In our last blog on AI innovation in insurance, we had a little fun with ChatGPT by asking it about technology trends in the industry. In this piece, we’ll focus on applying generative AI to the insurance industry today rather than using it to forecast the future.
Much of today’s discussion around AI starts with personal productivity and quickly moves toward the implications for an organization when individuals leverage it. As I always recommend to folks new to the world of generative AI, start by experimenting with something you know well and use it to get an accurate understanding of the limits and capabilities of the technology.
In our recent webinar, The ChatGPT & AI Revolution: An Executive’s Guide, we cover additional exercises and use cases for integrating ChatGPT as a productivity solution at the individual and organizational levels.
With the widespread use of AI technologies exploding, most insurance businesses are currently in a stage where they’re self-assessing if they are ready to adopt these capabilities and determining how they can provide them to their workforce responsibly. But once you’re ready to safely apply the technology, where do you start? We’ll cover some ways insurance carriers and brokers can apply AI to their existing processes, as well as criteria for evaluating which projects are the most viable for this.
Focusing on the Now Versus the New
Once you’re prepared to implement AI at an enterprise level, you need to understand where and how you can and should apply it. Traditionally, many emerging technologies and innovations have been associated with full solutions that solve business problems in their entirety. This is particularly true in insurance, where InsurTech innovations are typically full solutions targeting a specific part of the value chain.
But with AI, the best use cases come as an integrated part of comprehensive solutions rather than a replacement of them – focusing on “the now” (improving current projects) instead of “the new” (a top-to-bottom process overhaul). Where can you supplement these tools to help with problems you’re already trying to solve? Consider the following criteria to help evaluate which of your current initiatives are the best candidates for AI optimization.

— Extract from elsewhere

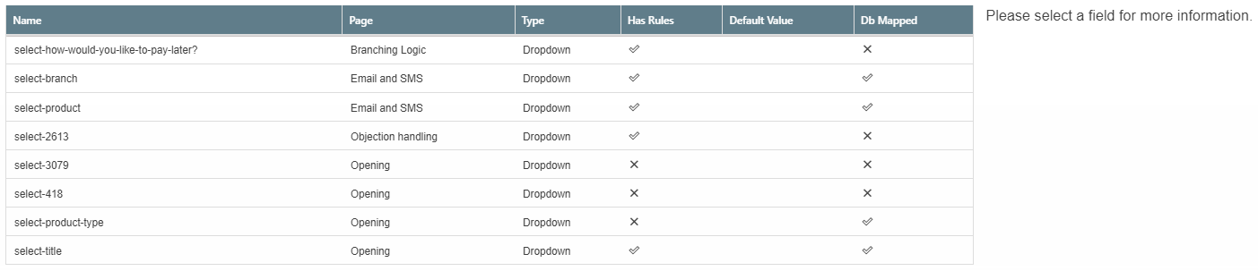 DB Mapped - Tick or Cross to show whether or not this field is mapped to a database field
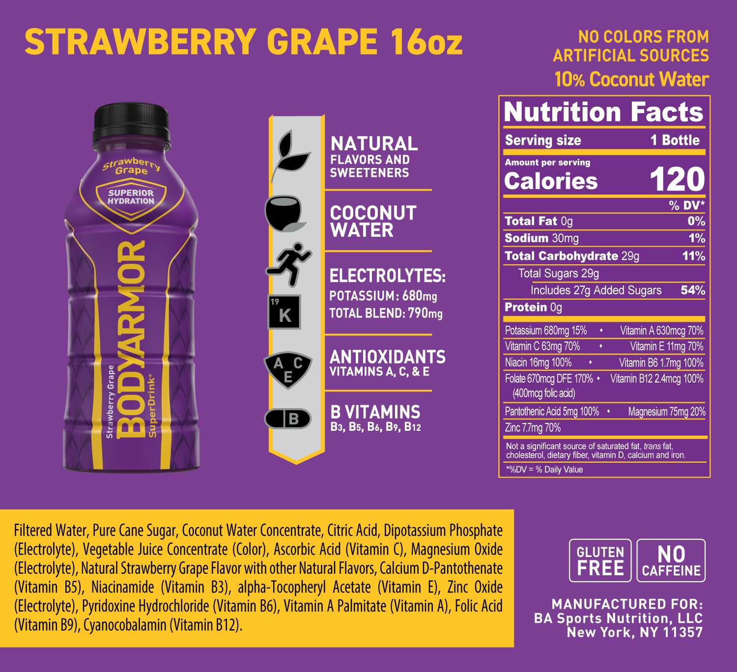 BODYARMOR is the sports drink for todays athlete, providing Superior Hydration by combining natural flavors & sweeteners, no colors from artificial sources and potassium-packed electrolytes.

Is there a component of the solution that involves structuring information in a consumable way? Often, the work involved in collecting and organizing information into consumable outputs can be very manual and time-consuming. Generative AI can aid in this process by analyzing a large volume of text data and grouping similar content into clusters based on topics or themes, categorizing the information for easier access and retrieval.
For example, suppose you’re already focusing on reducing the pain of inconsistencies and inaccuracies in submissions from brokers. Why not use generative AI as part of that solution to take disparate pieces of information and structure it more consistently and more readably for underwriters?
Digest Large Amounts of Data
What processes involve individuals analyzing and working with large amounts of data? If you need to pour through repositories of documents or spreadsheets, generative AI can help summarize or find important information faster and more accurately than a person can. It can extract specific things like names, dates, locations and numerical data from unstructured text to streamline data collection and analysis.
For example, if you’re trying to streamline your claims authority approval process, you could use a large-language model to summarize the claim that a manager can easily consume to quickly determine if it warrants payment approval.
Ideate and Research Interactively
Finally, these technologies can present information more interactive and iteratively, boosting user experience and efficiency. AI-driven virtual assistants and chatbots can guide users through complex information, providing interactive explanations and answers to user queries.
For example, if you’re struggling with leveraging knowledge base articles for your core claims, policy or billing solution because it is too time consuming to find the right one, ChatGPT or a similar solution can provide an interactive and streamlined approach for obtaining useful problem-solving information in a more satisfying way across your workforce.
While you may currently be engaging in initiatives like the examples above, you are more likely to have a different set of ongoing projects. The key is to evaluate those existing efforts to similarly identify ways that a large language model can enhance the solution you are building. Eventually, you may consider more extensive and dedicated solutions, but until then, you are better off applying the technology as a supplement to existing in-flight solutions.
In the meantime, a simple exercise to consider the advantages of a large language model to enhance solutions you are currently contemplating can be a great way to introduce the technology into your ecosystem in an immediately beneficial way.